RetryPolicy for workflow

Workflow execution can have a backoff retry policy which will retry on failed or timeout.

By default, there is no retry policy.

Initial Search Attributes

Client can specify some initial search attributes when starting the workflow.

By default, there is no initial search attributes.

WorkflowStateOptions

Similarly, users can customize the WorkflowState

WorkflowState WaitUntil/Execute API timeout and retry policy

Users can customize the API timeout and retry policy.

By default, the API timeout is 30s with infinite backoff retry:

• InitialIntervalSeconds: 1
• MaxInternalSeconds:100
• MaximumAttempts: 0
• MaximumAttemptsDurationSeconds: 0
• BackoffCoefficient: 2

Where zero means infinite attempts.

Both MaximumAttempts and MaximumAttemptsDurationSeconds are used for controlling the maximum attempts for the retry policy. MaximumAttempts is directly by number of attempts, where MaximumAttemptsDurationSeconds is by the total time duration of all attempts including retries. It will be capped to the minimum if both are provided.

Persistence loading policy

When a workflowState/RPC API loads DataAttributes/SearchAttributes, by default it will use LOAD_ALL_WITOUT_LOCKING to load everything.

For WorkflowState, there is a 2MB limit by default to load data. User can use another loading policy LOAD_PARTIAL_WITHOUT_LOCKING to specify certain DataAttributes/SearchAttributes only to load.

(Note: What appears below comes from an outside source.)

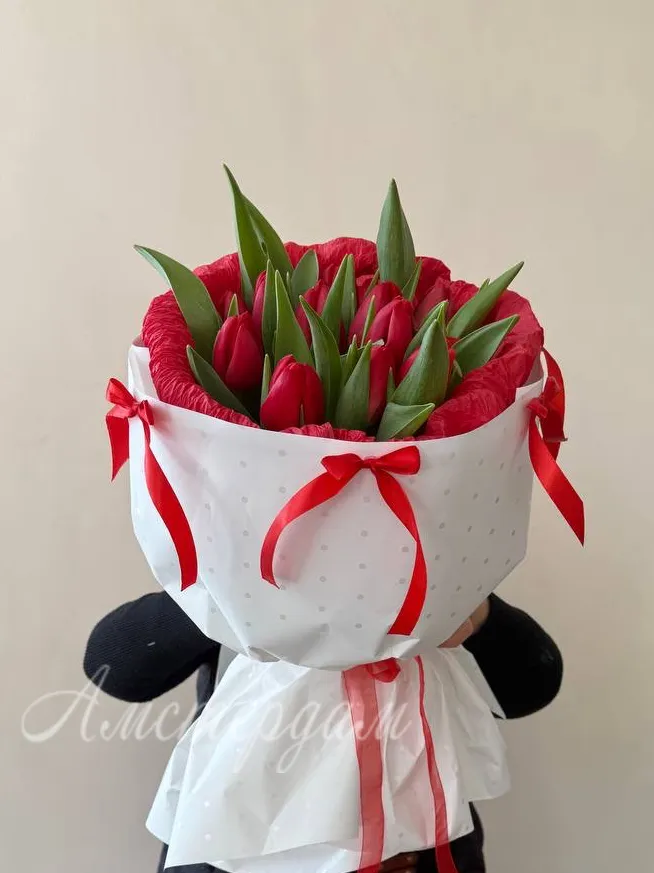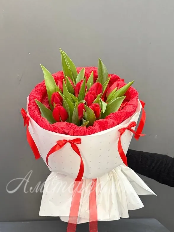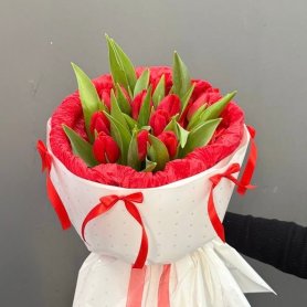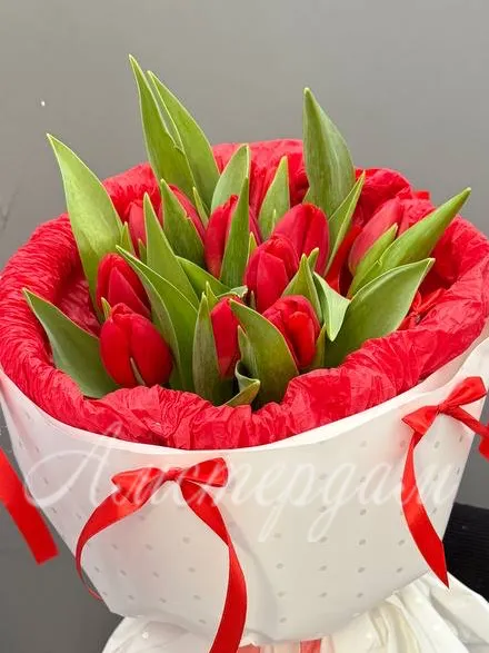 Подарите яркое настроение с нашим букетом из ярко красных тюльпанов. Этот изысканный букет станет идеальным украшением любого праздника и выразит ваши искренние чувства. Каждая тюльпан — символ страсти и искренности, создавая атмосферу тепла и уюта. Упаковка выполнена стильно и элегантно, подчеркивая красоту цветов. Букет отлично подойдет для подарка близким, коллеге или любимому человеку. Натуральные цветы обеспечивают свежесть и длительное наслаждение красотой. Сделайте особенный подарок, который обязательно запомнится и порадует получателя.

WITHOUT_LOCKING here means if multiple StateExecutions/RPC try to upsert the same DataAttribute/SearchAttribute, they can be done in parallel without locking.

If racing conditions could be a problem, usingPARTIAL_WITH_EXCLUSIVE_LOCK allows specifying some keys to be locked during the execution.

WaitUntil API failure policy

By default, the workflow execution will fail when API max out the retry attempts. In some cases that workflow want to ignore the errors.

Using PROCEED_ON_API_FAILURE for WaitUntilApiFailurePolicy will let workflow continue to execute decide API when the API fails with maxing out all the retry attempts.

Alternatively, WorkflowState can utilize attempts or firstAttemptTime from the context to decide ignore the exception/error.

Limitation

Though iWF can be used for a very wide range of use case even just CRUD, iWF is NOT for everything. It is not suitable for use cases like:

• High performance transaction( e.g. within 10ms)
• High throughput for a single object(like a single record in database) for hot partition issue
• Join operation across different workflows
• Transaction for operation across multiple workflows

Architecture

An iWF application is composed of several iWF workflow workers. These workers host REST APIs for server to call. An application also perform actions on workflow executions, such as starting, stopping, signaling, and retrieving results by calling iWF service APIs.

The iWF server provides the APIs. Internally, this API service communicates with the Cadence/Temporal service as its backend.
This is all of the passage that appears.